Wednesday, November 29, 2006

Ramblings...



It's been a week or so since the last time I put down any thoughts here. Actually, I spent all of Thanksgiving Break writing a massive research paper for my Poetic Sequence Directed Study, entitled: "Louise Gluck's Meadowlands: The Palimsestic Mimesis of the Human Impulse to Create." Sounds riveting, no? It is supposed to make it to cyberworld on our class blog, so don't worry your little heads...

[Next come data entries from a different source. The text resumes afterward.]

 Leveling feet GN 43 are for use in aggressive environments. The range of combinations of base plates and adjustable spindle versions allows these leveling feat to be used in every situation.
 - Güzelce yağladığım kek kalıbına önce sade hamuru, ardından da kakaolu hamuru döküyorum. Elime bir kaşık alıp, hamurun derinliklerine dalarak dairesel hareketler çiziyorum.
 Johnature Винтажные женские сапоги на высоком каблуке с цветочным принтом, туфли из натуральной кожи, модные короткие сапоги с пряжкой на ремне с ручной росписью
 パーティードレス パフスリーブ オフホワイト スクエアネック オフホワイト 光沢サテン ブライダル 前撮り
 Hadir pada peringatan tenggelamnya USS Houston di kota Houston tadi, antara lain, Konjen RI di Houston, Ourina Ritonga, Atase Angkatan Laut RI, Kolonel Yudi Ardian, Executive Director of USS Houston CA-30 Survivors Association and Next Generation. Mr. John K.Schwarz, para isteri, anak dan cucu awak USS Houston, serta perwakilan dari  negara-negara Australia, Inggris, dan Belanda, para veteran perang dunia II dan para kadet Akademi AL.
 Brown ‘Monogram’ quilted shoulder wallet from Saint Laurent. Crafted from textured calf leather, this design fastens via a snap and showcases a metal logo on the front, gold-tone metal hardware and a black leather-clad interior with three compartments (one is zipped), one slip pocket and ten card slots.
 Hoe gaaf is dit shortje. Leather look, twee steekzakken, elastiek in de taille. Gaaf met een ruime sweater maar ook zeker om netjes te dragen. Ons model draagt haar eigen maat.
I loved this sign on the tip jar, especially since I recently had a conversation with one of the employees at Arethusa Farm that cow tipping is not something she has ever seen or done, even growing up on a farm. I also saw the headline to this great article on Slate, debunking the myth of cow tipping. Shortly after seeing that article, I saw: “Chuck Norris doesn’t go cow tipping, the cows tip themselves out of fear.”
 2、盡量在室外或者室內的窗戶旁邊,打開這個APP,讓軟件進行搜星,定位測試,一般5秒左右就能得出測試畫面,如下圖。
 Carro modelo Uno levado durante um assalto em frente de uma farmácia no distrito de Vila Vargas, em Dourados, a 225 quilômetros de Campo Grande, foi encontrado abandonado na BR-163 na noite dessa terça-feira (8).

So, I find that in enersing myself in literary criticism and theory, I am unable to write my poems. Or if I do allow myself even one tiny moment of revision of my creative work, hours are snapped up in no time, and I have forgotten to eat, sleep, swallow, or do any of my other homework. So I banned myself from my own poems for the duration of Thanksgiving Break and hammered out twenty pages of genre theory instead. Sweet. Hence I haven't been blogging. I have been thinking about my blog, however, and how it will soon undergo yet another metamorphesis of purpose. I am spending 5 months in the lovely city of London, beginning in January. So, this space will hopefully expand accordingly into an ongoing multimedia travelogue, without losing its creative, poetic edge...

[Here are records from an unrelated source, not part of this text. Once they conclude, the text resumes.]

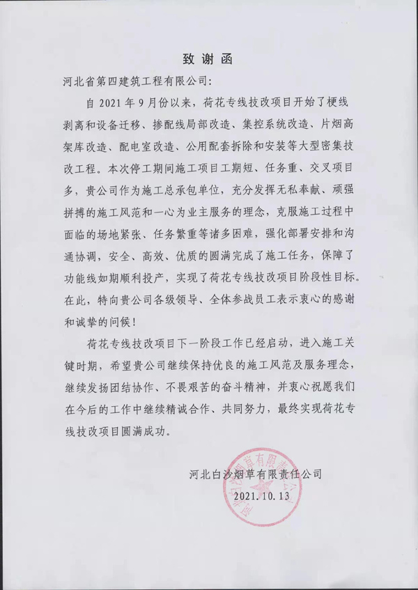 一紙致謝函,字字鼓人心!10月13日,三分公司中煙項目部收到業(yè)主河北白沙煙草有限責任公司發(fā)來的致謝函,感謝項目部克服場地緊張、任務重等諸多困難,圓滿完成施工任務,實現(xiàn)了荷花專線技改項目階段性目標。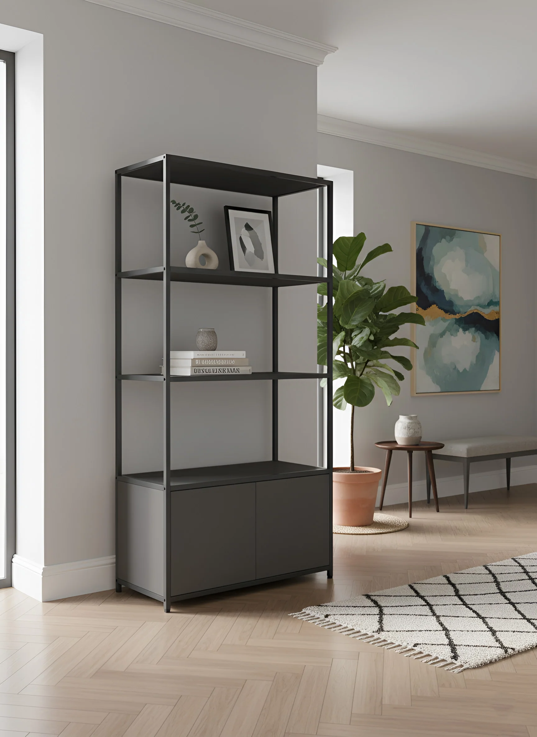 A minimal design for maximum effect - meet the Riseborough Modular Cabinet. This modern cabinet and shelving hybrid is the perfect way to organise your space. With three rectangular fixed shelves combined with the top of the unit which can be used as an open shelf itself, you have the perfect canvas to display your most loved possessions. Whatever the style and décor of your space may be, the Riseborough's versatile design means it's easy to make it your own.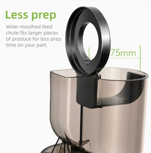 Wide Chute Design - 75mm feed chute allows whole fruits and vegetables to be juiced without pre-cutting.
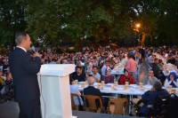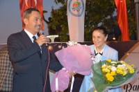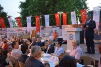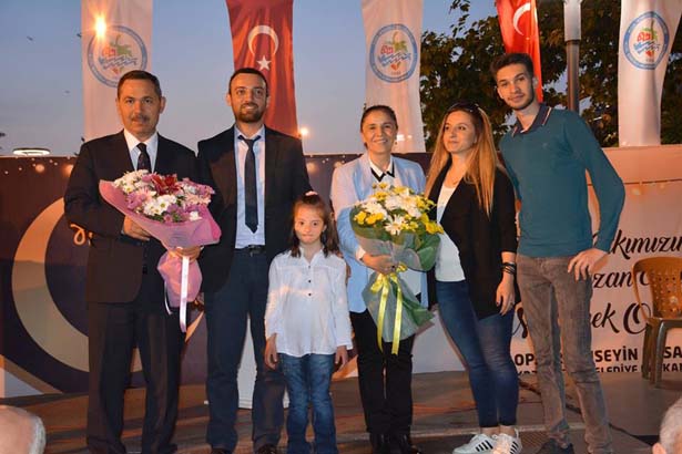 Yaklaşık 2 bin kişinin katılımıyla gerçekleşen iftarın ardından Rehabilitasyon Merkezi yöneticileri Başkan Uysal ve eşi Sevim Uysal'a çiçek takdim etti.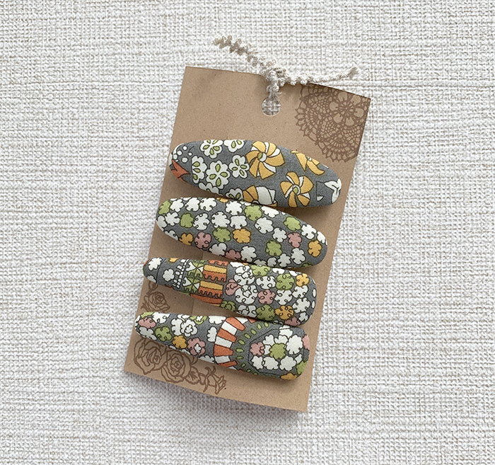 - ★ ハンドメイド リバティプリント使用 小花柄5㎝パッチンピン ホールドライブ グレー ★
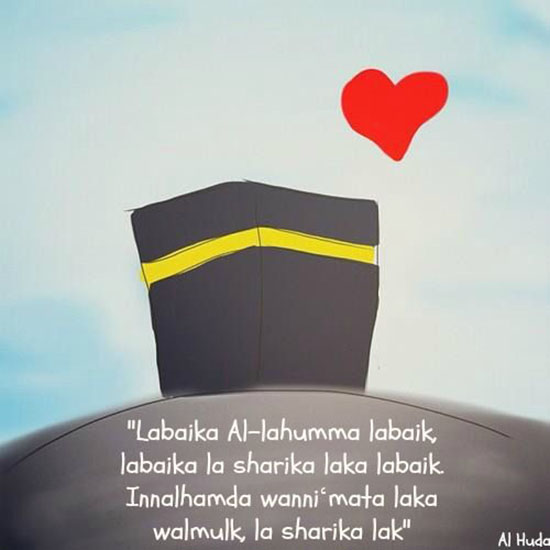 Here I’m o Allah (in response to your call), Here I am, here I am you have no partner here I am indeed all praise grace and sovereignty belong to you have no partner.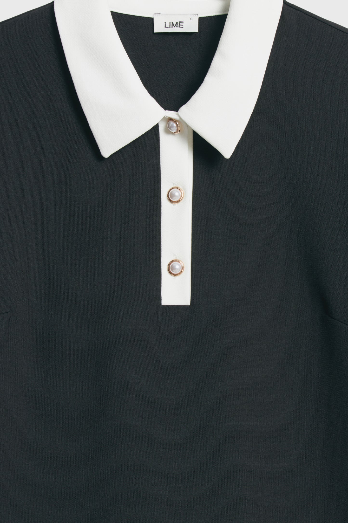 Short dress in woven fabric with contrasting color trims. Collar, button placket with gold-tone pearly buttons and short sleeves. Styled with a flared silhouette.

What I really wanted to talk about was a post I created back in the late summer on this blog announcing the departure of my mentor for another university. I have been elated to find out that he is returning, for love of the institution, and I couldn't be happier. The relationship of a mentor and a truly connected student is not a thing to be held lightly. The last year and a half of my undergraduate academic career looks like the most promising yet. Stay tunned...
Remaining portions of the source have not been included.